During his stint there, he was sent to cover the training camp of Jack Dempsey, and decided to ask Dempsey if he could spar with him, to get an idea of what it was like to be hit by the world heavyweight champion. The results were spectacular; Gallico was knocked out within two minutes. But he had his story, and from there his sports-writing career never looked back.
He became Sports Editor of the Daily News in 1923, and was given a daily sports column. He also invented and organised the Golden Gloves amateur boxing competition. During this part of his life, he was one of the most well-known sporting writers in America, and a minor celebrity. But he had always wanted to be a fiction writer, and was writing short stories and sports articles for magazines like Vanity Fair and the Saturday Evening Post. In 1936, he sold a short story to the movies for $5000, which gave him a stake. So he retired from sports writing, and went to live in Europe, to devote himself to writing. His first major book was Farewell to Sport, which as the title indicates, was his farewell to sports writing.

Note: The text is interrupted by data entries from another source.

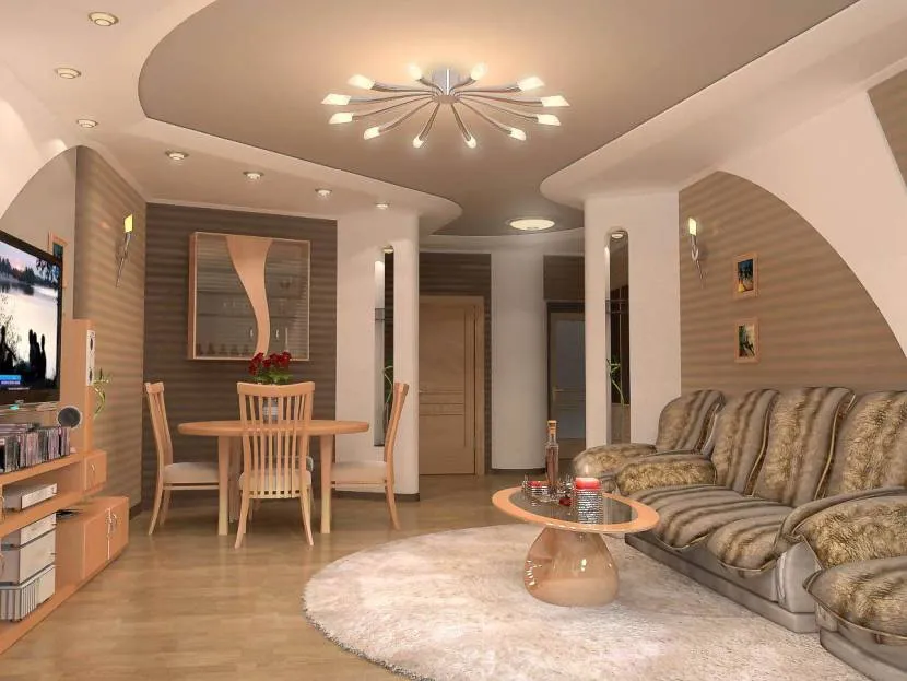 Красиво, аккуратно и со вкусом. В это трудно поверить, но безукоризненный дизайн потолка в зале, представленный конструкцией из гипсокартона, не только возможен, но и несложно реализуется своими руками без дорогостоящих услуг профессионалов.
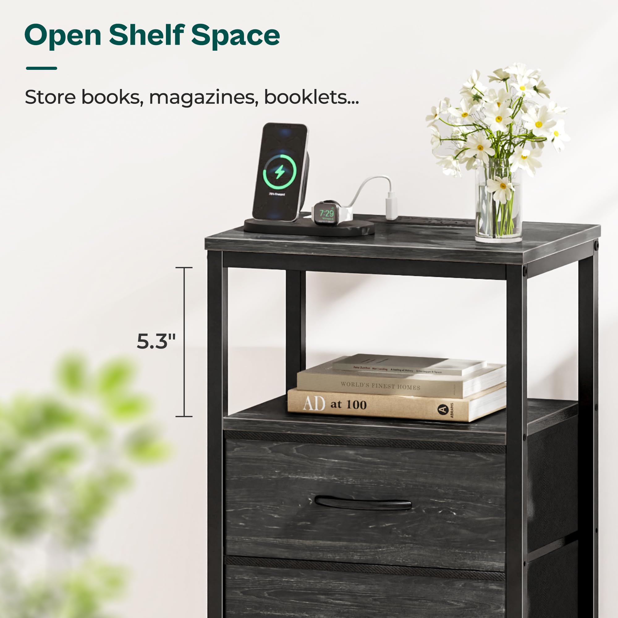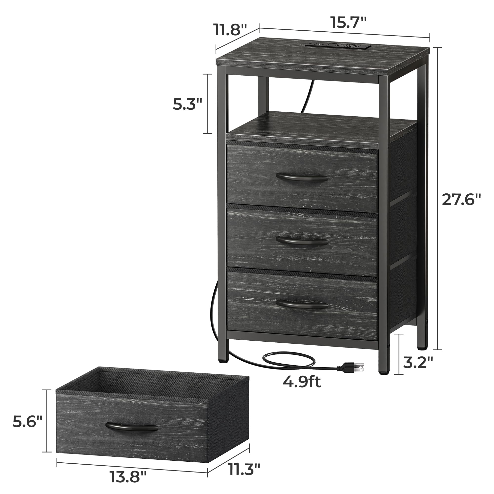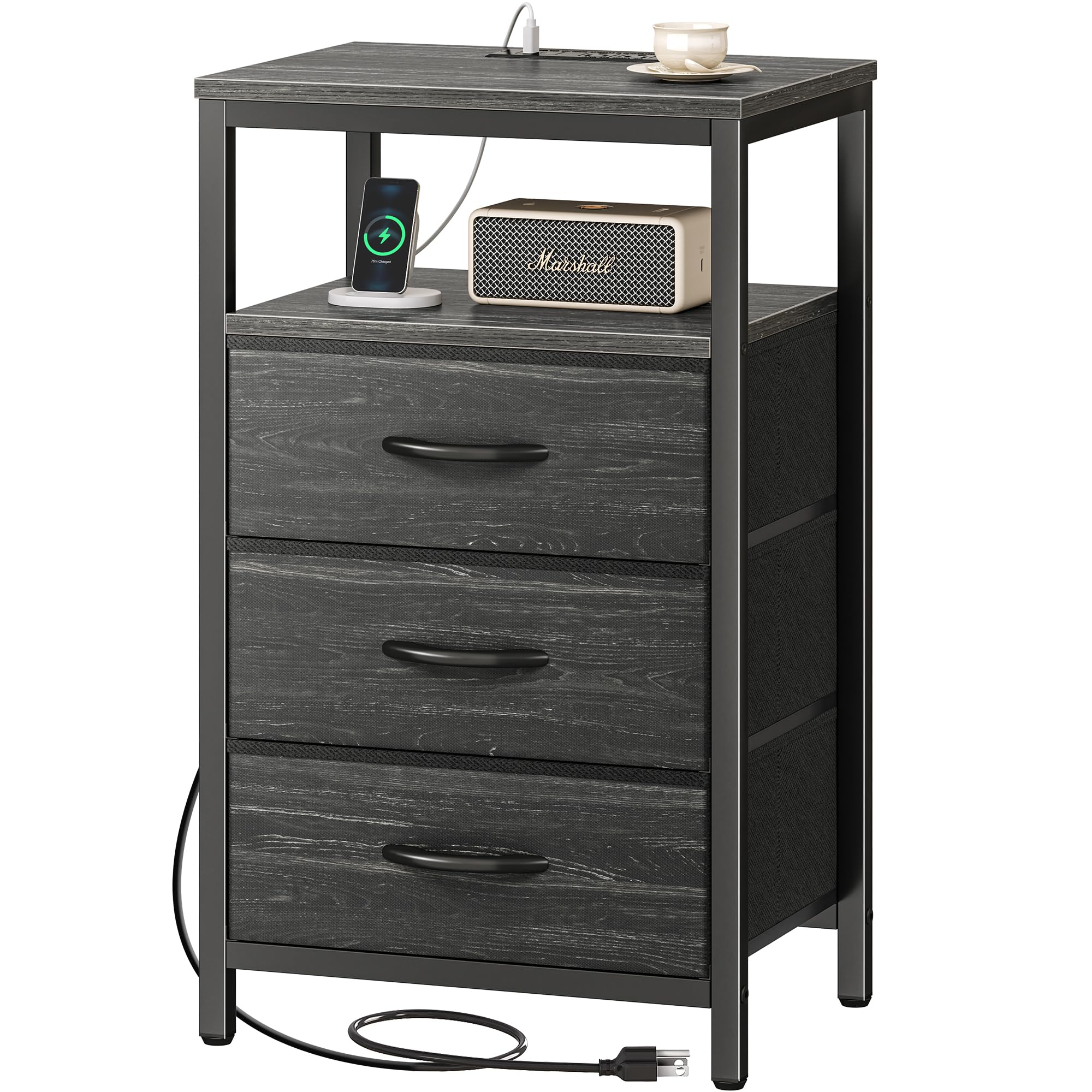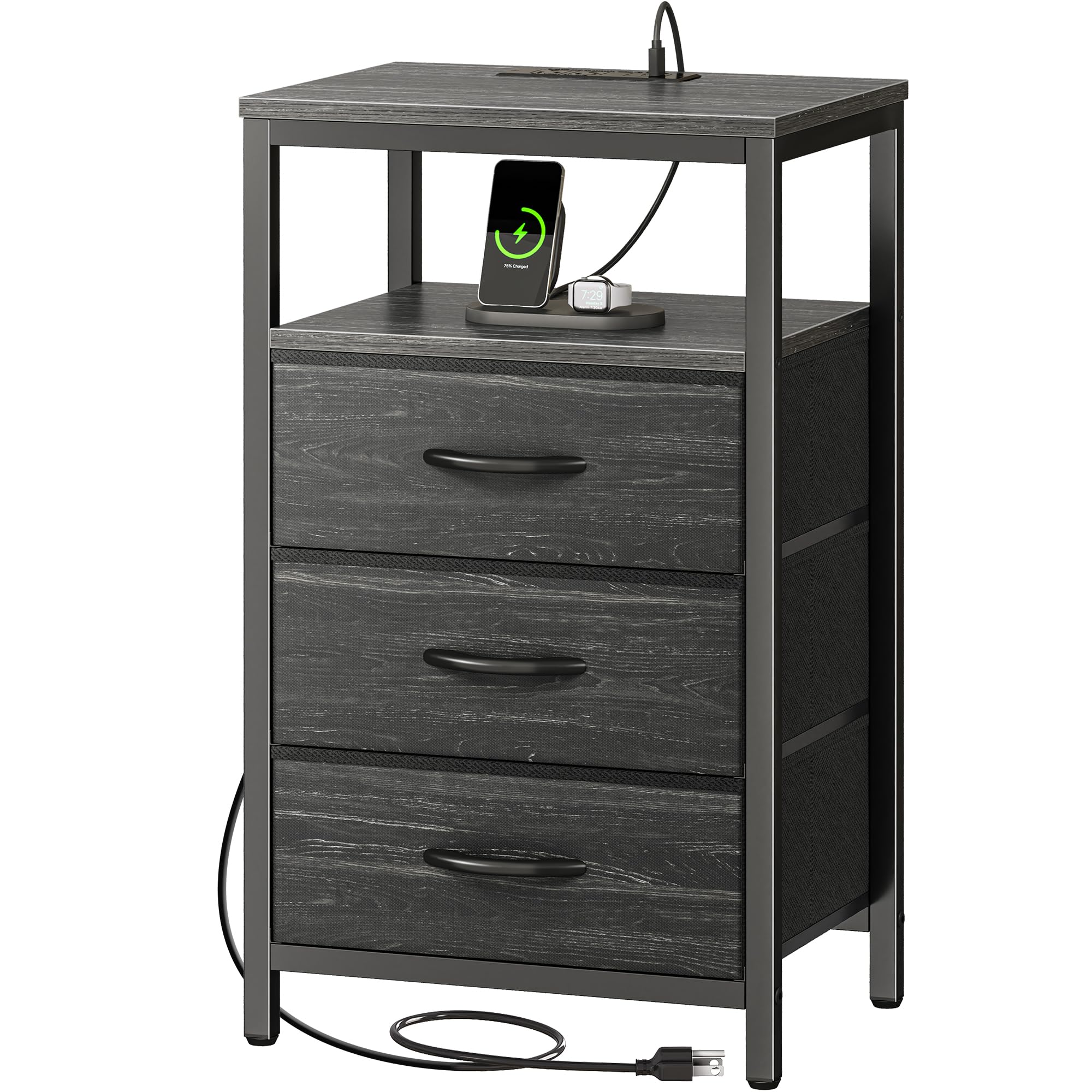 Huuger Nachttisch mit Ladestation, 27,6 Zoll Beistelltisch Nachttisch mit USB-Anschlüssen und Steckdosen, Nachttisch für Schlafzimmer, Stoffschubladen, Holzkohleschwarz Holzmaserung Druck
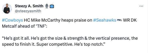 Metcalf has only four 100-yard games in the last three regular seasons combined. He did have 110 yards and a touchdown the last time he played the Cowboys, but that was in 2020. The Seahawks need somebody to step up if they have any shot against the Cowboys, so putting that on the player who makes the most money would be a good place to start.
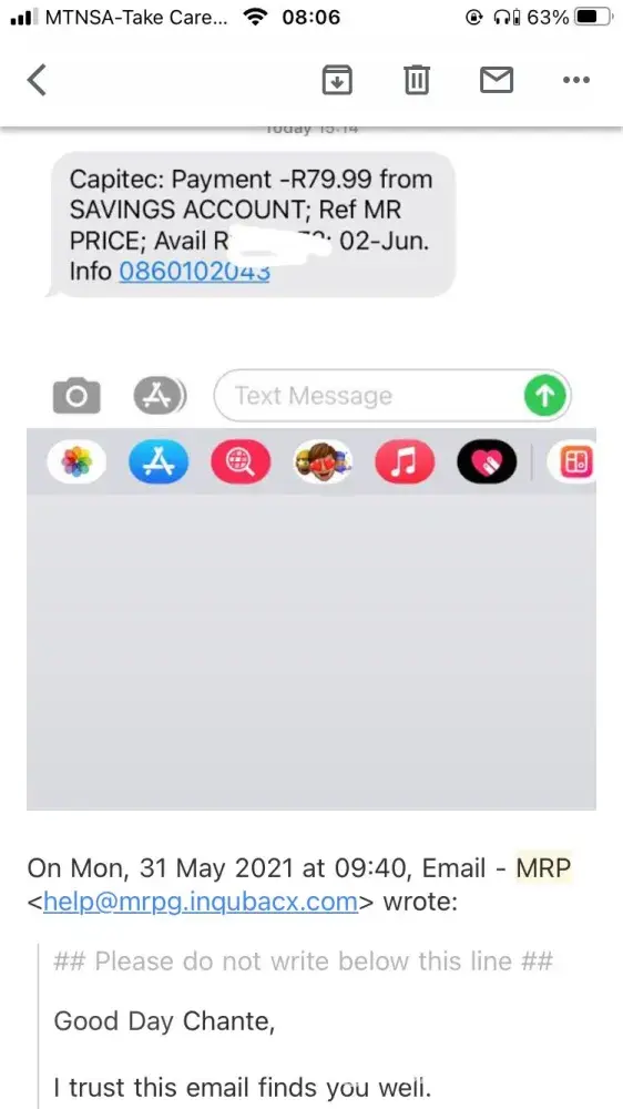 On 8 July 2021 I applied for a loan at a commercial bank and was informed that I do not qualify for the loan due to a bad payment history. On further inquiry, it a came to light that it is because of the Mr Price Mobile fiasco.
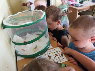 Den Werdegang der Raupen, von der Fütterung bis hin zur Verpuppung haben Kinder und Erzieher genauestens bestaunt. Ab dann hieß es aber warten und Geduld mitbringen. Keiner wusste genau in welcher Minute, Stunde oder Tag die Puppen aufbrechen würden. Da es nur wenige Stunden dauert, bis der Schmetterling aus der Puppe heraus zu fliegen beginnt, wollte dies natürlich keiner verpassen.
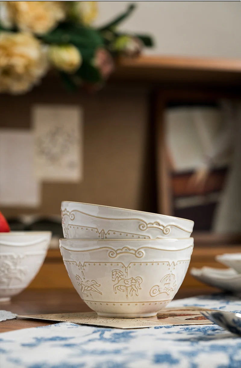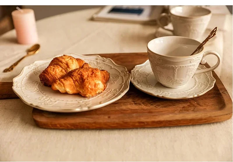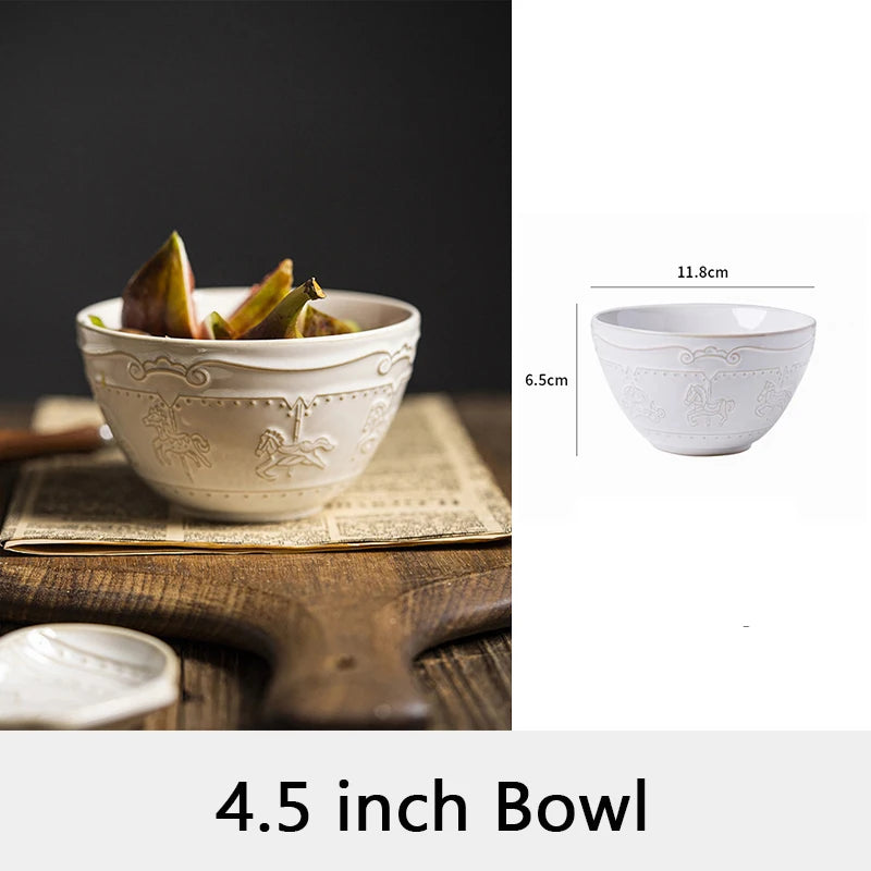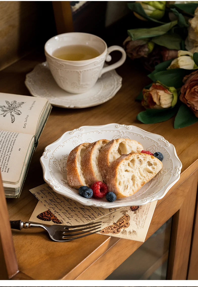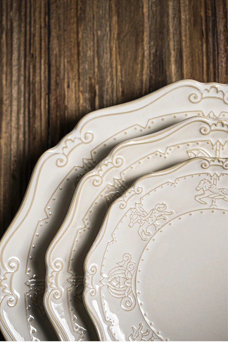 Bereichern Sie Ihr Esserlebnis mit unserem Keramikgeschirrset, das handgefertigtes Reliefdesign und vielseitige Off-White-Ästhetik bietet.

Though his name was well-known in the United States, he was an unknown in the rest of the world. In 1941, the Snow Goose changed all that, and he became, if not a best-selling author by today's standards, a writer who was always in demand. Apart from a short spell as a war correspondent between 1943 and 1946, he was a full-time freelance writer for the rest of his life. He has lived all over the place, including England, Mexico, Lichtenstein and Monaco, and he lived in Antibes for the last years of his life.
He was a first-class fencer, and a keen deep-sea fisherman. He was married four times, and had several children.
He died in Antibes on 15th July, 1976, just short of his 79th birthday.